National park in Lapland region, Finland

Pyhä-Luosto National Park (Pyhä-Luoston kansallispuisto) is a national park in Lapland, Finland. It was established in 2005 when Finland's oldest national park, Pyhätunturi National Park (established in 1938), was joined to Luosto. This makes Pyhä-Luosto both one of Finland's oldest and newest national parks. The park covers 142 km2. Its most important features are its geological specialities, old forests and wetlands.

The park's base is formed by Finland's southernmost, 12-peak tunturi line. The tunturit are remnants of 2-billion-year-old Alp-like mountains. Pine tree forests that are 200 years old or older grow on the hills. The highest tunturit are Noitatunturi, 540 m, and Ukko-Luosto, 514 m.

In 2015, the visitor count was 115,100 people, which was a decrease from the 2009 count of 128,000. Since then Pyhä-Luosto has grown in popularity and ranked as Finland's fifth most visited national park in 2023, with nearly 199,000 visits reported in 2024.

== Nature ==
Pyhä-Luosto National Park's landscape consists of the southernmost large fell chain in Finland. The park comprises a stretch of twelve prominent fell summits, part of a 35-kilometer-long quartzite ridge system that represents remnants of one of the oldest mountain ranges on Earth, dating back nearly two billion years. A notable natural formation in the park is Isokuru Gorge, Finland's deepest gorge, which plunges over 200 m and exposes visible wave patterns in quartzite rocks, highlighting the effects of glacial processes during the Ice Ages.

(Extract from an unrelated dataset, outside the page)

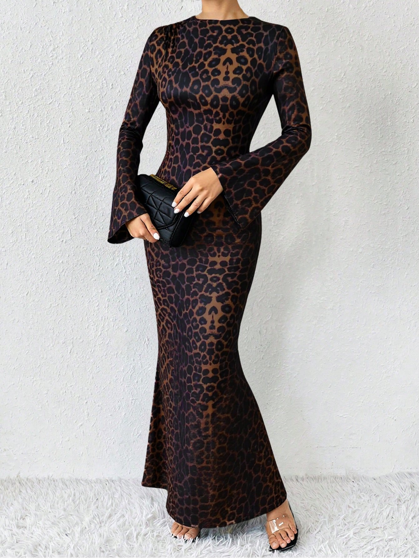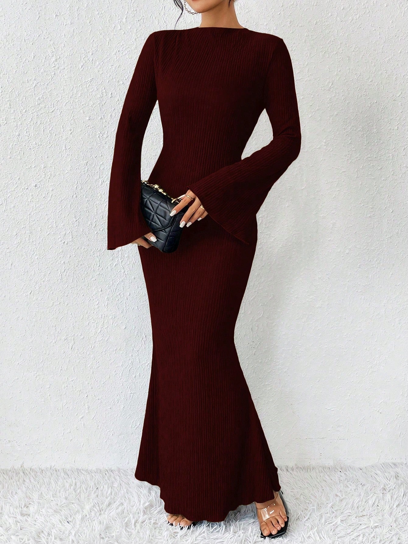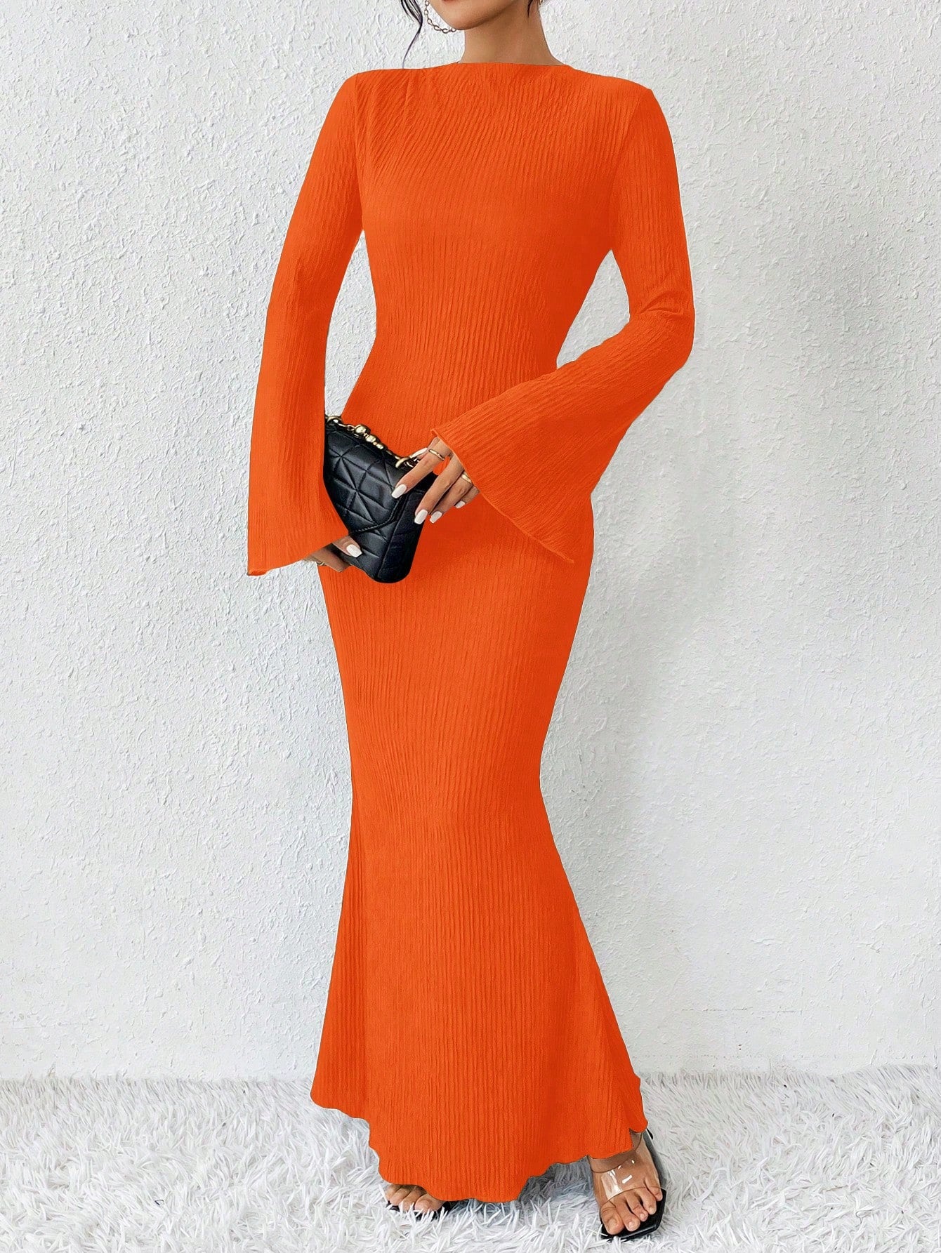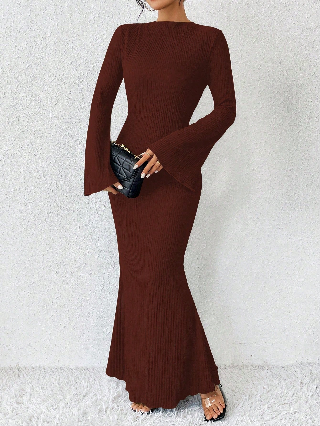 Raffinéa Solid Color Mermaid Hem Flare Sleeve Dress Maxi Women Outfit

The park hosts a rich boreal ecosystem. The lower slopes and valleys are blanketed by old-growth pine and spruce forests, with some trees exceeding 400 years in age, among the oldest in Finland. These natural state forests host rare and endangered species of polypore fungi that rely on dead wood for their survival, as well as traditional boreal flora such as lingonberry, cloudberry, and crowberry. The forests also provide a critical habitat for woodpeckers, Siberian jays (the park's emblematic bird) and numerous other species.